═════ ENTRIES SHOWN

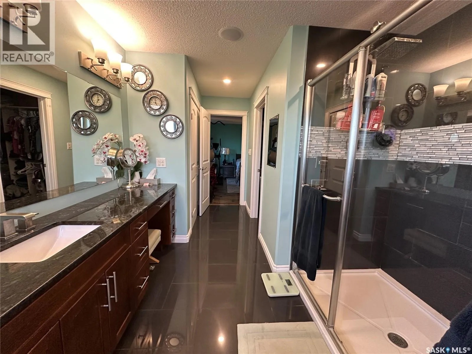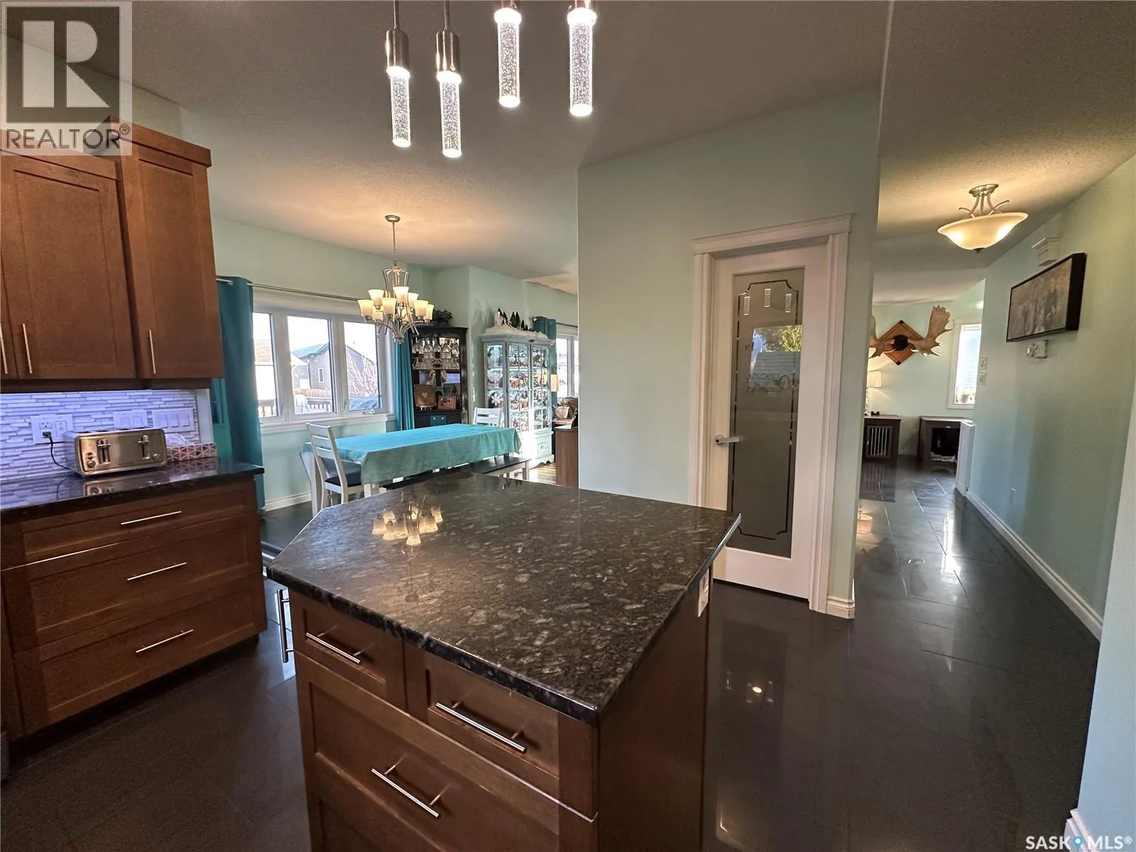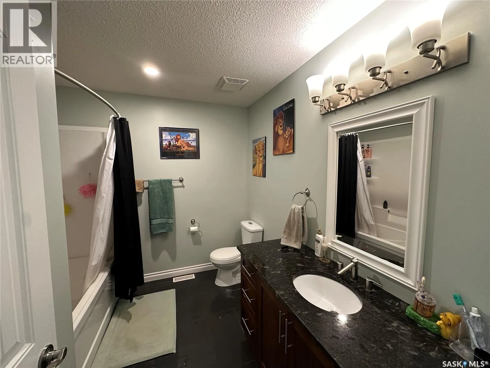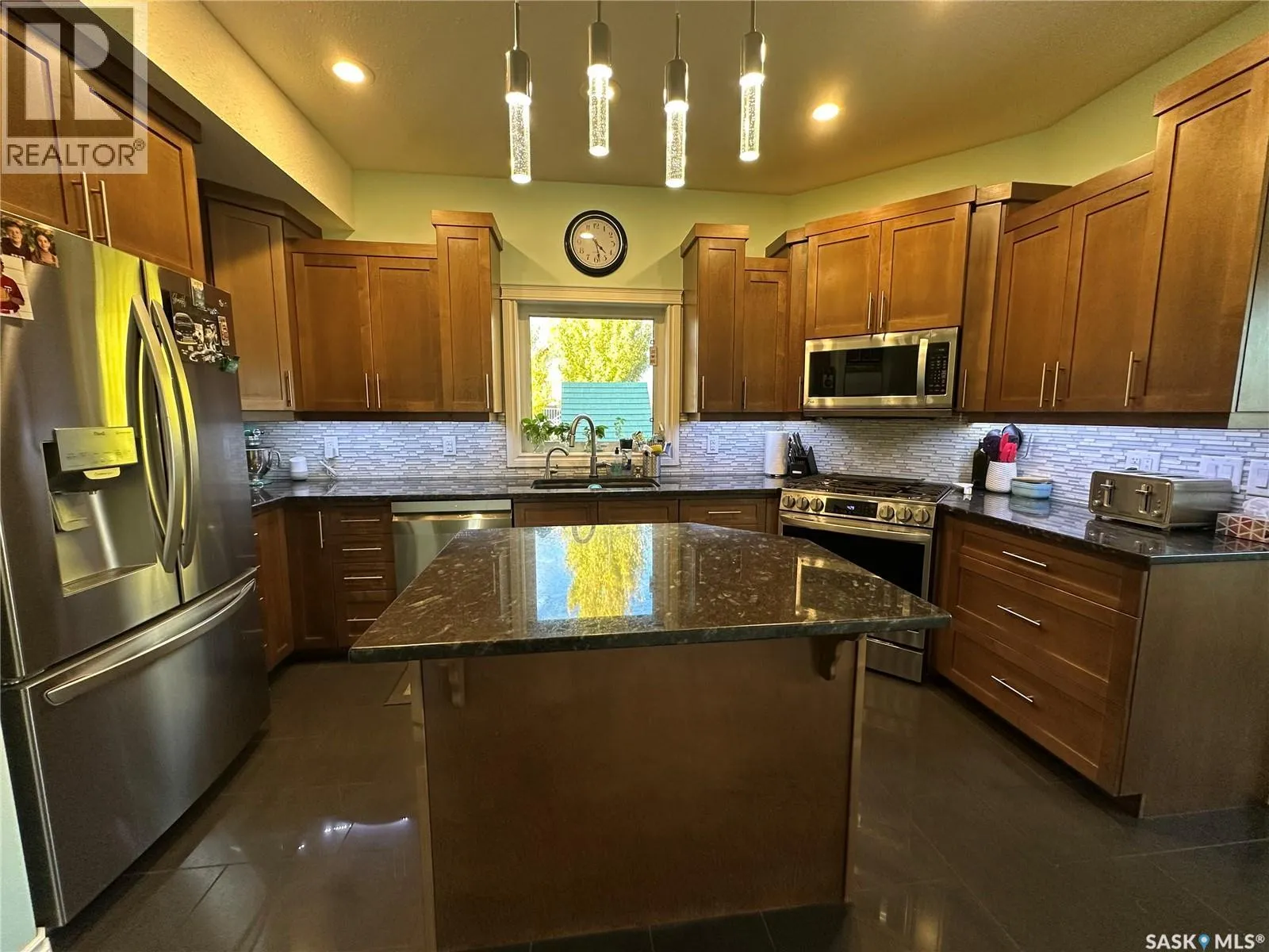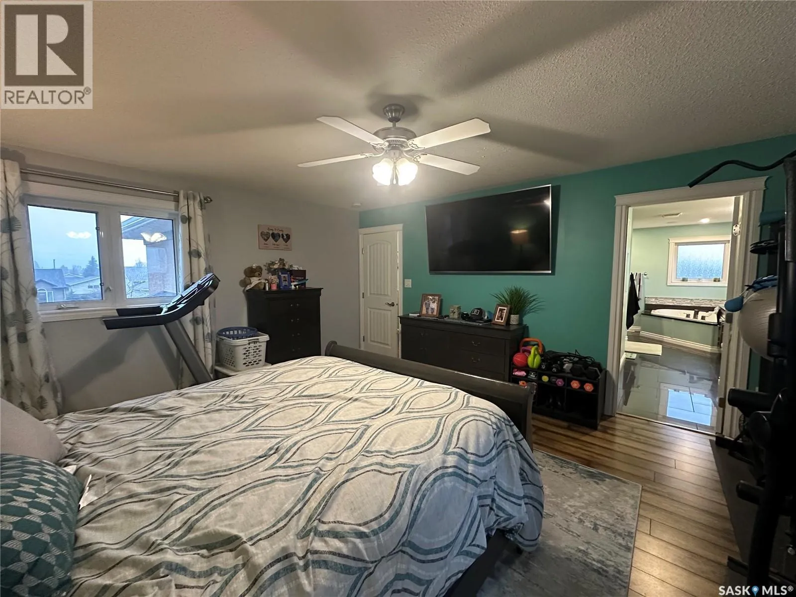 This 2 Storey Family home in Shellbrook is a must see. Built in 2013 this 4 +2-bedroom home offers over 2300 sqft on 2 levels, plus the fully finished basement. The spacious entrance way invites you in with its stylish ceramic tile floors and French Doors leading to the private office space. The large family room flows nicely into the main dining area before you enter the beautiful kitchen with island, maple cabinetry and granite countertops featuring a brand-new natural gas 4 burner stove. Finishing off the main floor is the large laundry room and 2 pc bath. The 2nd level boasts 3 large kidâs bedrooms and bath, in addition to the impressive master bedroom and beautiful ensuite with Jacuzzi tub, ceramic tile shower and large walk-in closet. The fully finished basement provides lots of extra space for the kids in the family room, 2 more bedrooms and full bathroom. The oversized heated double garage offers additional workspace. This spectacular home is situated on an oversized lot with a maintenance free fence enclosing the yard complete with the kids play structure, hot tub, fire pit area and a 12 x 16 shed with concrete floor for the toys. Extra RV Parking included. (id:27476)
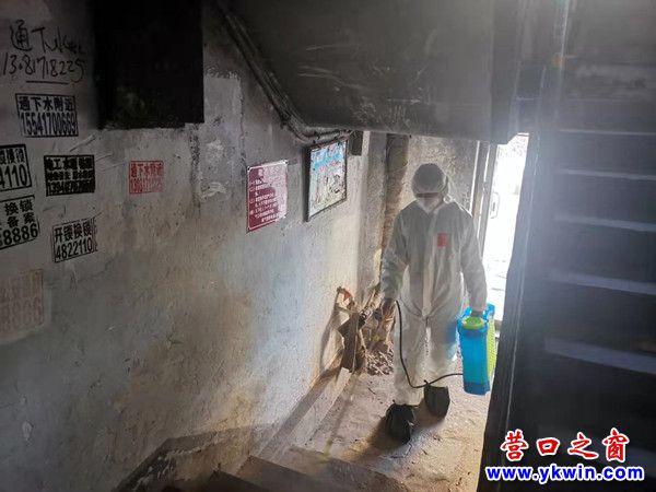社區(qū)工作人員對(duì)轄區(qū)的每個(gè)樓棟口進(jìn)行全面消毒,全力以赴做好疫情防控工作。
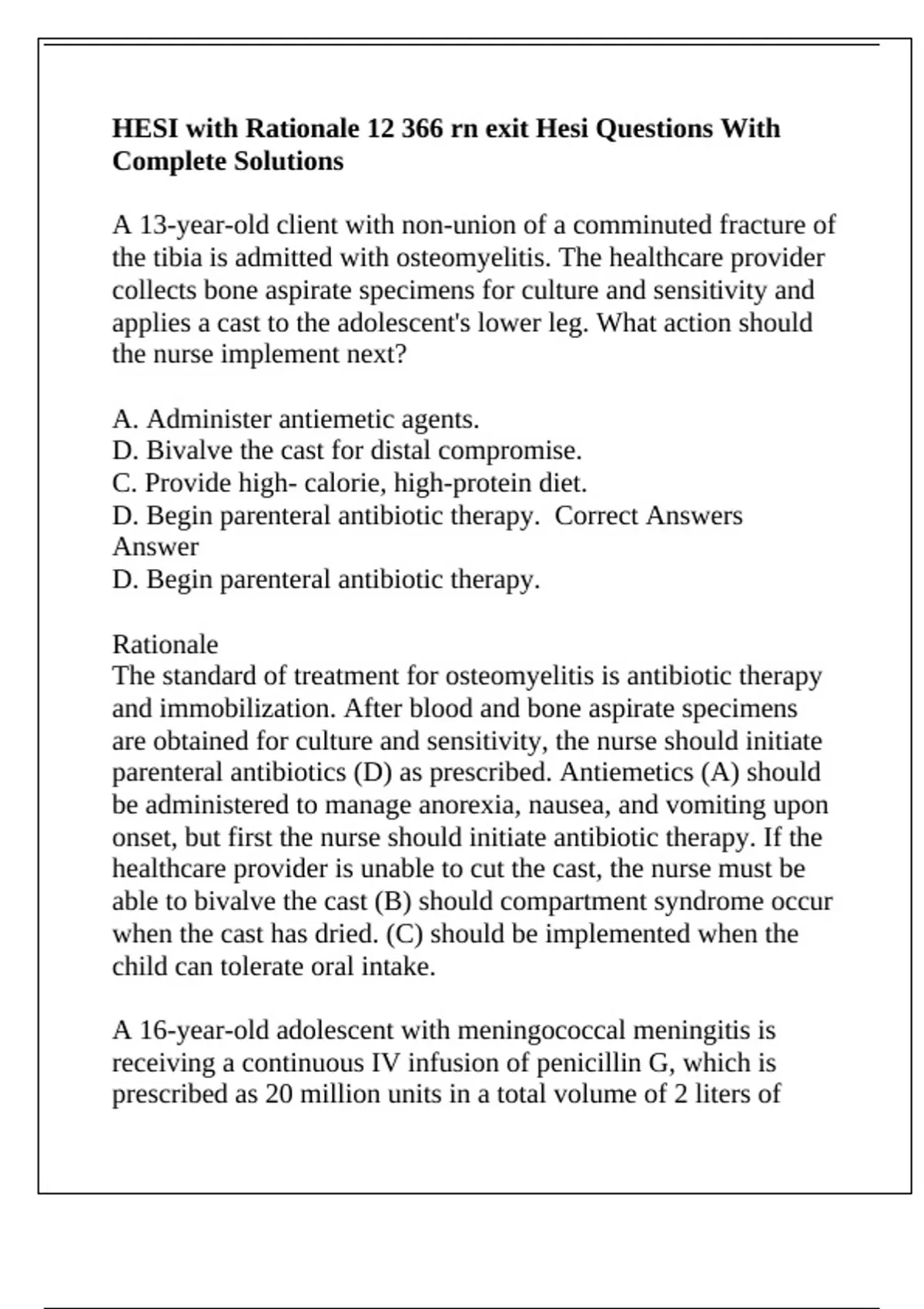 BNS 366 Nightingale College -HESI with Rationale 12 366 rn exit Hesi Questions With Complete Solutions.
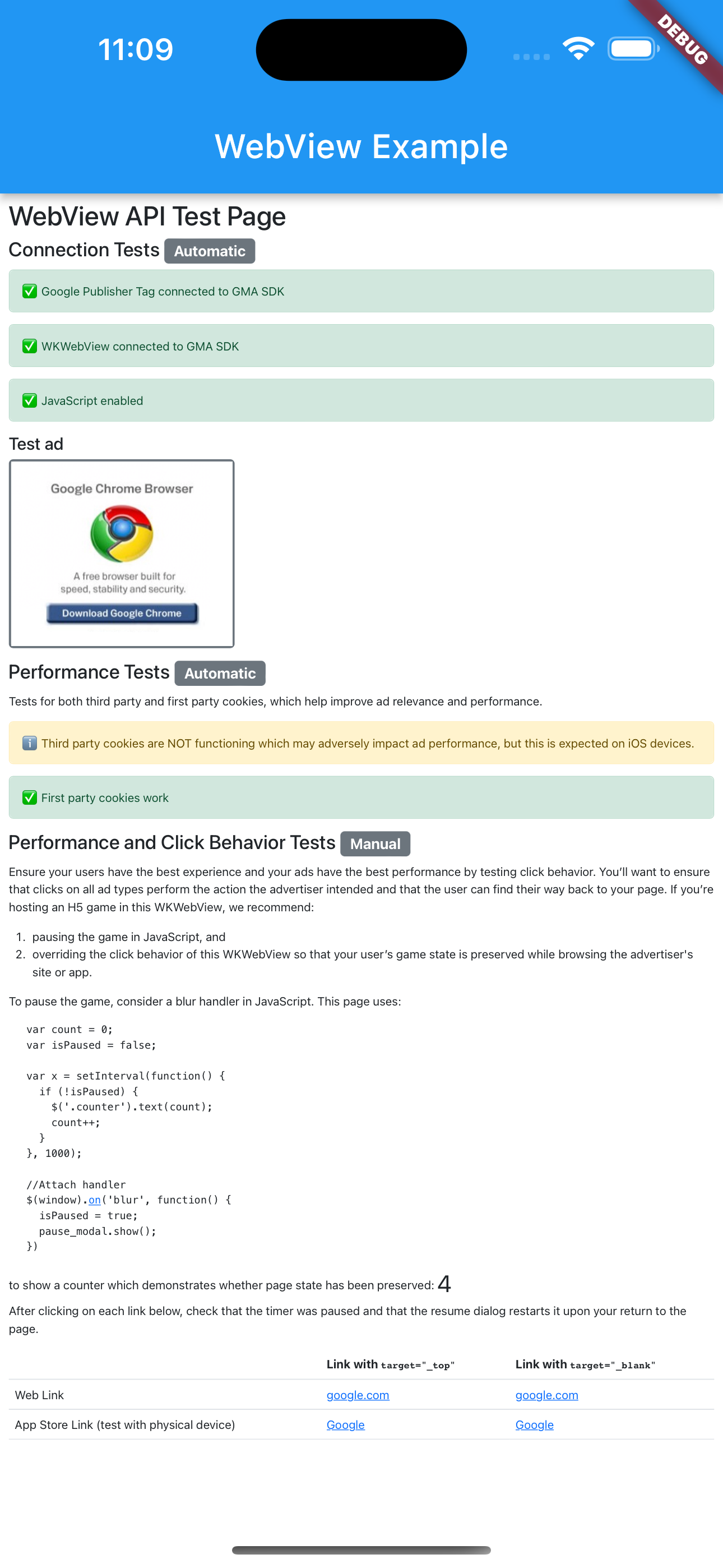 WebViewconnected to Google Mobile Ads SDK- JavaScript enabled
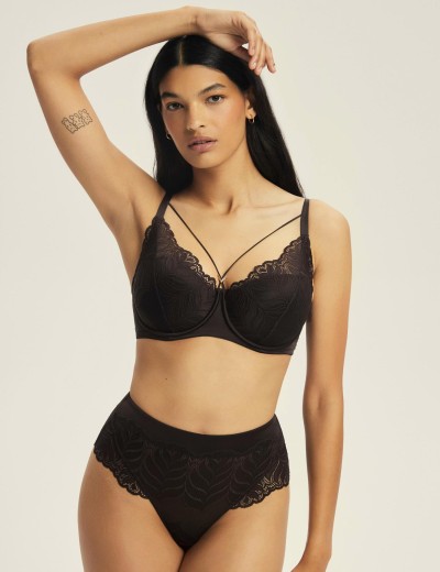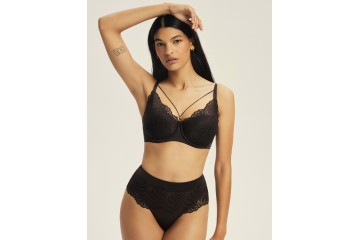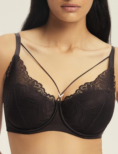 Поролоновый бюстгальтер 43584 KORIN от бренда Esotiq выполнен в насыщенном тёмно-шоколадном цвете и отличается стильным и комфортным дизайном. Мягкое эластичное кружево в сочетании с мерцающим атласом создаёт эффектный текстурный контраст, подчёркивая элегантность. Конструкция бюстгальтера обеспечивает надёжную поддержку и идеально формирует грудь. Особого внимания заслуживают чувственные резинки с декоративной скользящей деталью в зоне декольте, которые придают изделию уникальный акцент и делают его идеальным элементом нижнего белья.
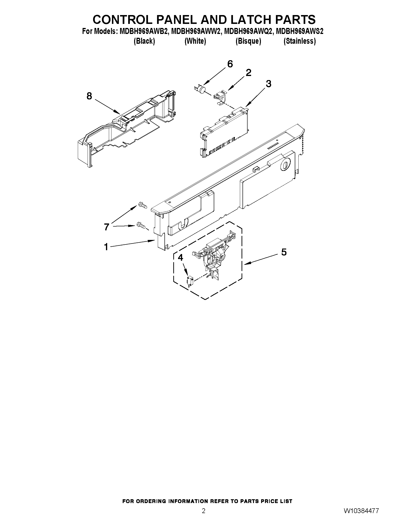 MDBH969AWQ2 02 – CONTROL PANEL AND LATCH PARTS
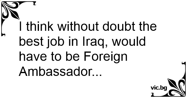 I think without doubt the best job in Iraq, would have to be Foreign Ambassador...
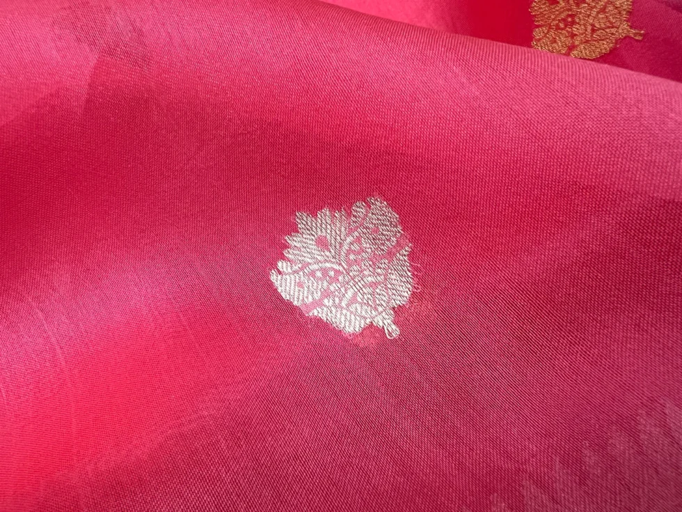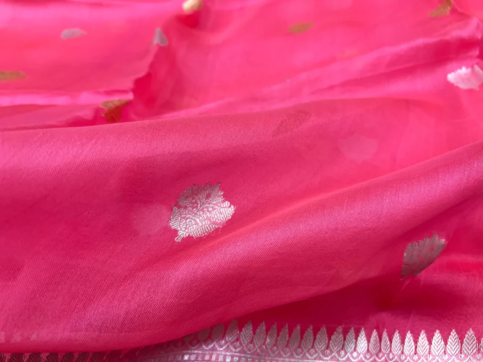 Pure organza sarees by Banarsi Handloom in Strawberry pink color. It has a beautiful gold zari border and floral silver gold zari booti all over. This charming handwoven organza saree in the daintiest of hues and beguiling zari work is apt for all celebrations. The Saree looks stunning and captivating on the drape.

══════════

■ WORK TO COMPLETE
Only an exact copy belongs in the answer: the lines from the one containing "社區(qū)工作人員對(du" through the end of the records, both ends included, minus the pictures.

■ REPLY
社區(qū)工作人員對(duì)轄區(qū)的每個(gè)樓棟口進(jìn)行全面消毒,全力以赴做好疫情防控工作。
 BNS 366 Nightingale College -HESI with Rationale 12 366 rn exit Hesi Questions With Complete Solutions.
 WebViewconnected to Google Mobile Ads SDK- JavaScript enabled
 Поролоновый бюстгальтер 43584 KORIN от бренда Esotiq выполнен в насыщенном тёмно-шоколадном цвете и отличается стильным и комфортным дизайном. Мягкое эластичное кружево в сочетании с мерцающим атласом создаёт эффектный текстурный контраст, подчёркивая элегантность. Конструкция бюстгальтера обеспечивает надёжную поддержку и идеально формирует грудь. Особого внимания заслуживают чувственные резинки с декоративной скользящей деталью в зоне декольте, которые придают изделию уникальный акцент и делают его идеальным элементом нижнего белья.
 MDBH969AWQ2 02 – CONTROL PANEL AND LATCH PARTS
 I think without doubt the best job in Iraq, would have to be Foreign Ambassador...
 Pure organza sarees by Banarsi Handloom in Strawberry pink color. It has a beautiful gold zari border and floral silver gold zari booti all over. This charming handwoven organza saree in the daintiest of hues and beguiling zari work is apt for all celebrations. The Saree looks stunning and captivating on the drape.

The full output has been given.